Surgical forms of treatment for these conditions include: colectomy, ileo/colostomy, polypectomy, strictureplasty, hemorrhoidectomy (in severe cases of hemorrhoids), minimally invasive surgery, including laser surgery, as well as anoplasty, and more, depending on the condition the patient has. Diagnostic procedures, such as a colonoscopy, are very important in colorectal surgery, as they can tell the physician what type of diagnosis should be given and what procedure should be done to correct the condition. Other diagnostic procedures used by colorectal surgeons include: proctoscopy, defecating proctography, sigmoidoscopy. In recent times, the laparoscopic method of surgery has seen a surge of popularity, due to its lower risks, decreased recovery time, and smaller, more precise incisions achieved by using laparoscopic instruments.

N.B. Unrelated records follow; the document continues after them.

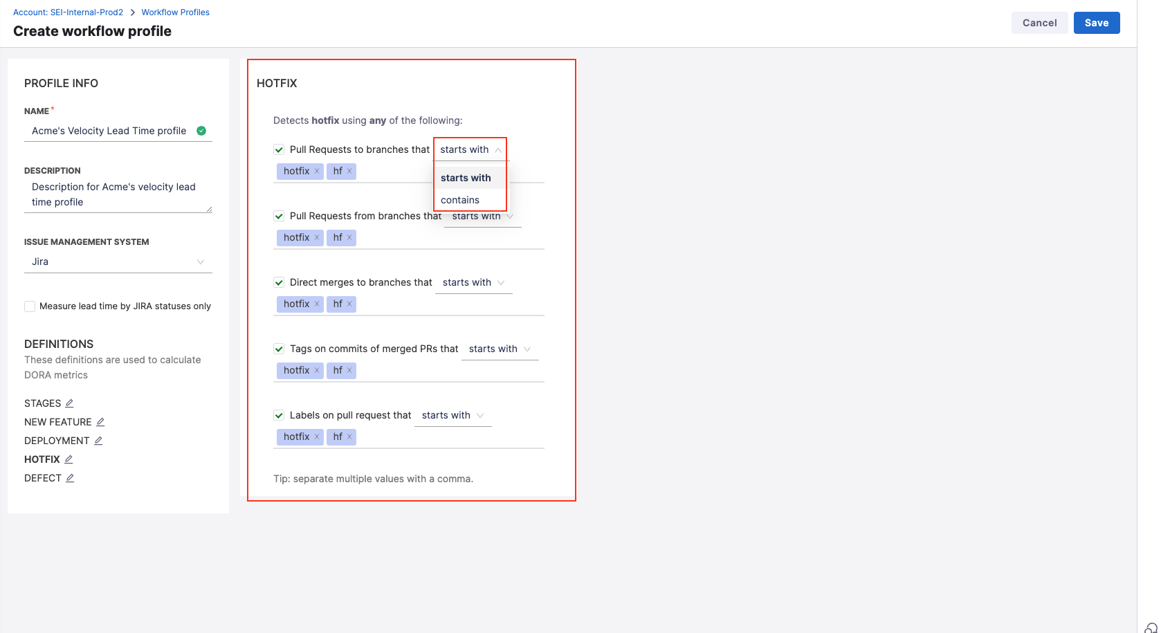 You can customize Workflow profile stages and thresholds to align with your team's Software Development Lifecycle (SDLC) processes. For profiles involving multiple tools like issue management, SCM, and CI/CD, avoid duplicate tracking of the same event (e.g., Deploy to Production in both Jira and CI/CD).
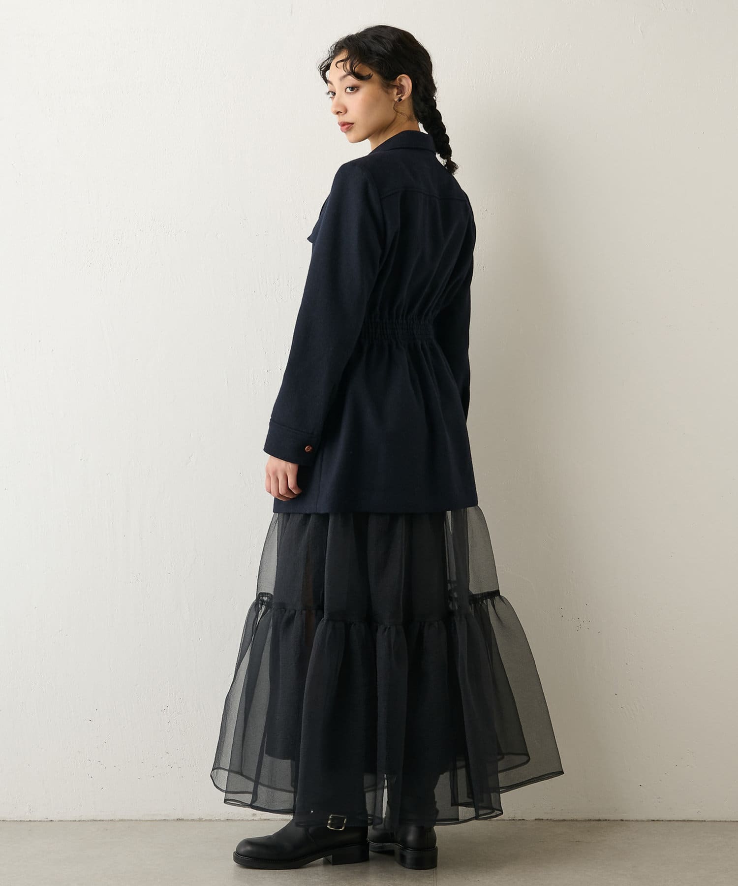 ■中肉厚のウールを使用し、一枚着からアウター使いまで幅広いコーディネートで活躍。
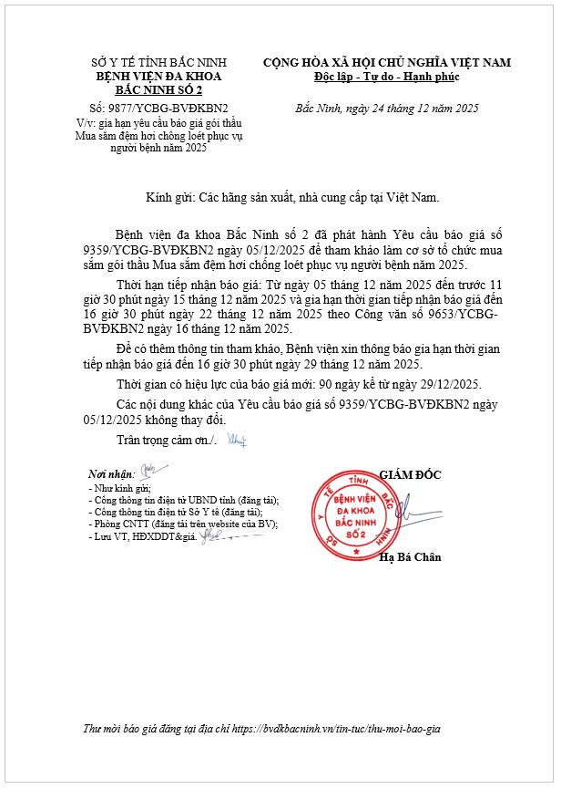 Gia hạn yêu cầu báo giá gói thầu Mua sắm đệm hơi chống loét phục vụ người bệnh năm 2025
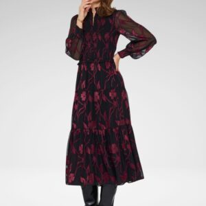Vestido Midi Negro Flores Vino
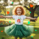 Jolie petite fée assise avec des cheveux orange et des cœurs autour
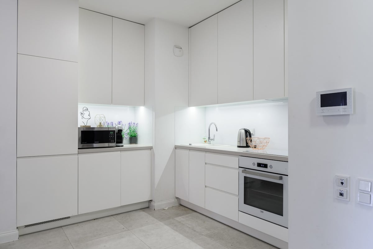 - Lägenhet med balkong i centrum. I den prestigefyllda lägenhetsbyggnaden-Mennica Residence, - Lägenheten har fullt utrustat kök byggt tillsammans med vardagsrummet. - Tillägg, till gästernas förfogande finns ett separat, ogenomträngligt sovrum med säng och skrivbord för att arbeta. - Tillgång till alla golv är tillgänglig med hiss.
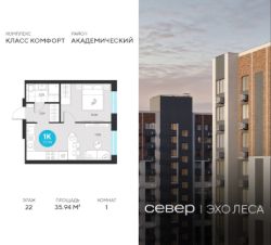 Продаётся квартира площадью 35.94 м2 в жилом комплексе "Эхо леса".
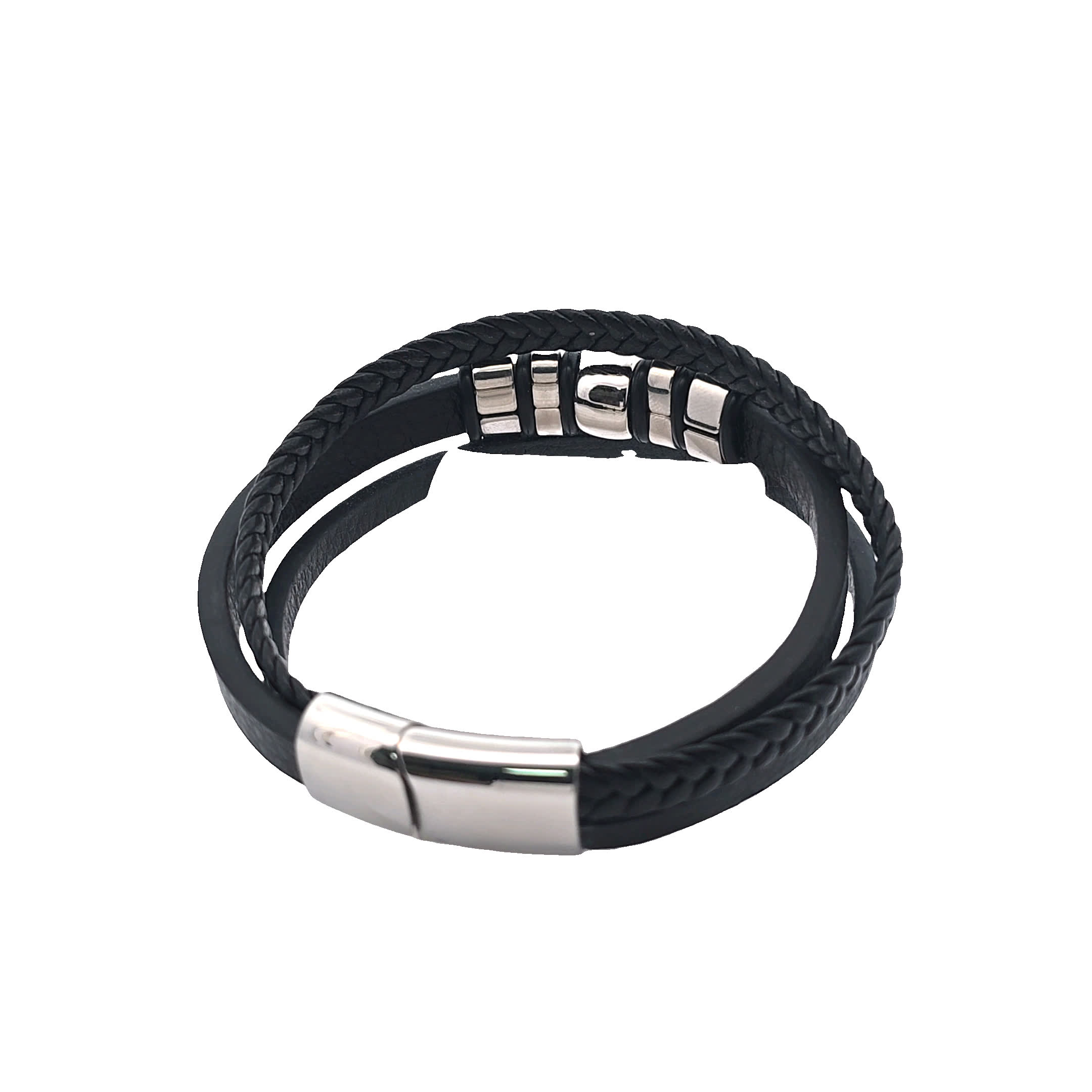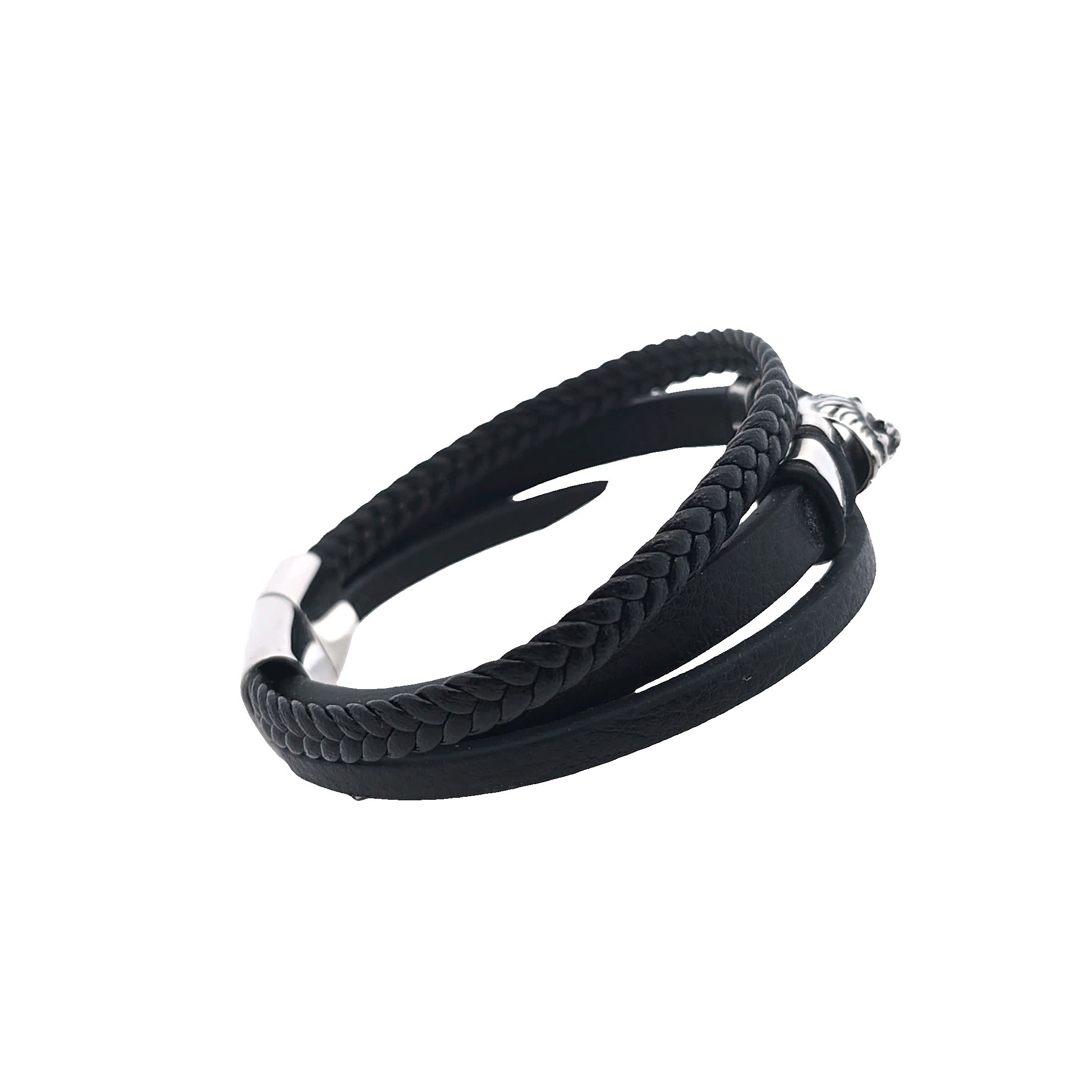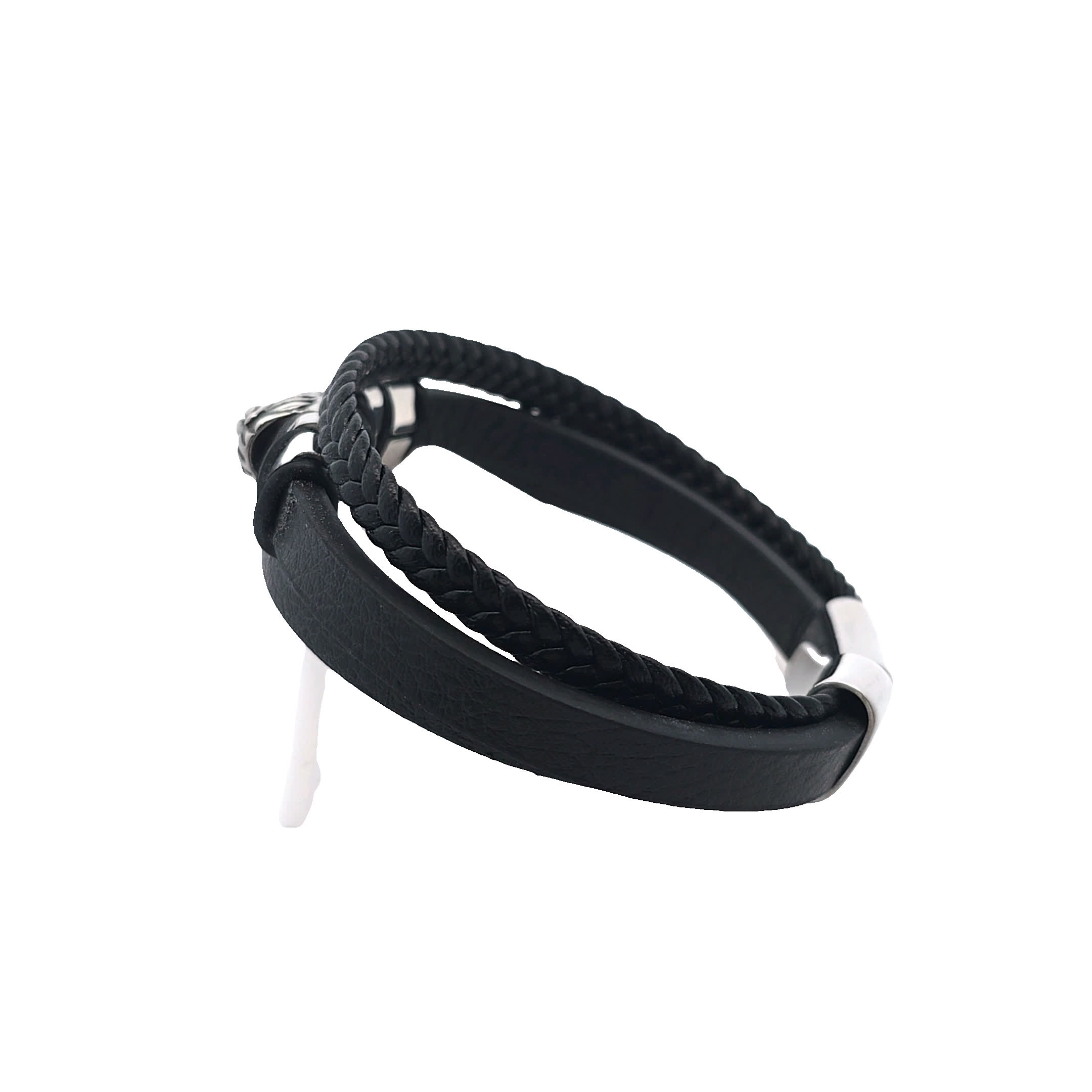 Podnieś poziom swoich dodatków dzięki temu stylowemu zestawowi czarnych skórzanych bransoletek. Wykonany z połączenia plecionej i gładkiej skóry, ten element jest idealny zarówno na okazje codzienne, jak i formalne. Wyjątkowe posrebrzane akcenty dodają odrobinę wyrafinowania, dzięki czemu jest to pozycja obowiązkowa w każdej kolekcji biżuterii.

== Laser therapies in colorectal surgery ==
Minimally invasive laser-based techniques are used in the treatment of hemorrhoidal disease, pilonidal disease, anal fistulas, and anal fissures. Systematic reviews and guideline-based recommendations have evaluated laser-based interventions for these indications, with high-level evidence available for some procedures. Clinical practice recommendations identify symptomatic grade II and III hemorrhoids as standard indications for laser hemorrhoidoplasty as a standalone procedure. For anal fistulas, guideline-based recommendations describe fistula laser closure as a sphincter-preserving option in selected cases, including cryptoglandular fistulas at risk of postoperative continence impairment, as well as fistulas associated with Crohn's disease and in female patients. In the treatment of anal fissures, laser-based approaches have been described as minimally invasive sphincter-preserving alternatives to conventional surgical techniques, with the aim of preserving continence. For pilonidal disease, the 2024 European Society of Coloproctology (ESCP) guidelines state that laser-based techniques such as sinus laser-assisted closure (SiLaC/SiLaT) may be considered as minimally invasive options in selected patients, reflecting an evolving evidence base.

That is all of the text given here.